*** Material for this exercise Section Begins ***

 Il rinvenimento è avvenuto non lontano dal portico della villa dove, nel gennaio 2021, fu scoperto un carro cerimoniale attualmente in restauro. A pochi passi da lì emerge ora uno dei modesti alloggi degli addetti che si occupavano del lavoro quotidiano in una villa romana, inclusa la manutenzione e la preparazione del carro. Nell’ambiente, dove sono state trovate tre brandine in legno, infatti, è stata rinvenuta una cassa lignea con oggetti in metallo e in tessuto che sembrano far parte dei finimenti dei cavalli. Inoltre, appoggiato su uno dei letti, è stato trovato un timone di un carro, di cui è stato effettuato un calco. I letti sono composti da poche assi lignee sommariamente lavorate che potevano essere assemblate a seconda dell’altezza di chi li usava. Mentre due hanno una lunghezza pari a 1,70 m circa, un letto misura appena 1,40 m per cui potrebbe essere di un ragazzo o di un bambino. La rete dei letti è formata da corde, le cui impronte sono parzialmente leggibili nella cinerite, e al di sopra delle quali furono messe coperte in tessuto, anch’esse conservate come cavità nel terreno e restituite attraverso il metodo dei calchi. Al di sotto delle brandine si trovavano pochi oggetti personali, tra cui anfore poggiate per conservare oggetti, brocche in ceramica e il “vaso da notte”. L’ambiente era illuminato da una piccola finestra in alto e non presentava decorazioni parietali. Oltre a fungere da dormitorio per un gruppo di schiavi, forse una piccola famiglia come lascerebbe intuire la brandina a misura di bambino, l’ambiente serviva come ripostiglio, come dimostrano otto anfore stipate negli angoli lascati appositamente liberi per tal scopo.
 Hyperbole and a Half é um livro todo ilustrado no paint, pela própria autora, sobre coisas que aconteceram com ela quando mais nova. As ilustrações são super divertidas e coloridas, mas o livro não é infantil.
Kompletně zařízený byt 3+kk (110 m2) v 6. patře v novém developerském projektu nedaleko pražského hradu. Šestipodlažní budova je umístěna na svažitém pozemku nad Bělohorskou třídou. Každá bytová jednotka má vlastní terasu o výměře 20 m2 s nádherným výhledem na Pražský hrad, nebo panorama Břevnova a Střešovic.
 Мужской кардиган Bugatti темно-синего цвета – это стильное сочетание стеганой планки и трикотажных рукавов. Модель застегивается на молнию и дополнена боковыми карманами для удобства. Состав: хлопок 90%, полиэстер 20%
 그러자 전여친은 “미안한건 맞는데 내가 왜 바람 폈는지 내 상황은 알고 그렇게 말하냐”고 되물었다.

*** Material for this exercise Section Ends ***

# About this task
From the records above, transcribe without alteration every line from the one with "Hyperbole and a" to the one with "Kompletně zařízený byt", inclusive.

# Finished exercise
 Hyperbole and a Half é um livro todo ilustrado no paint, pela própria autora, sobre coisas que aconteceram com ela quando mais nova. As ilustrações são super divertidas e coloridas, mas o livro não é infantil.
Kompletně zařízený byt 3+kk (110 m2) v 6. patře v novém developerském projektu nedaleko pražského hradu. Šestipodlažní budova je umístěna na svažitém pozemku nad Bělohorskou třídou. Každá bytová jednotka má vlastní terasu o výměře 20 m2 s nádherným výhledem na Pražský hrad, nebo panorama Břevnova a Střešovic.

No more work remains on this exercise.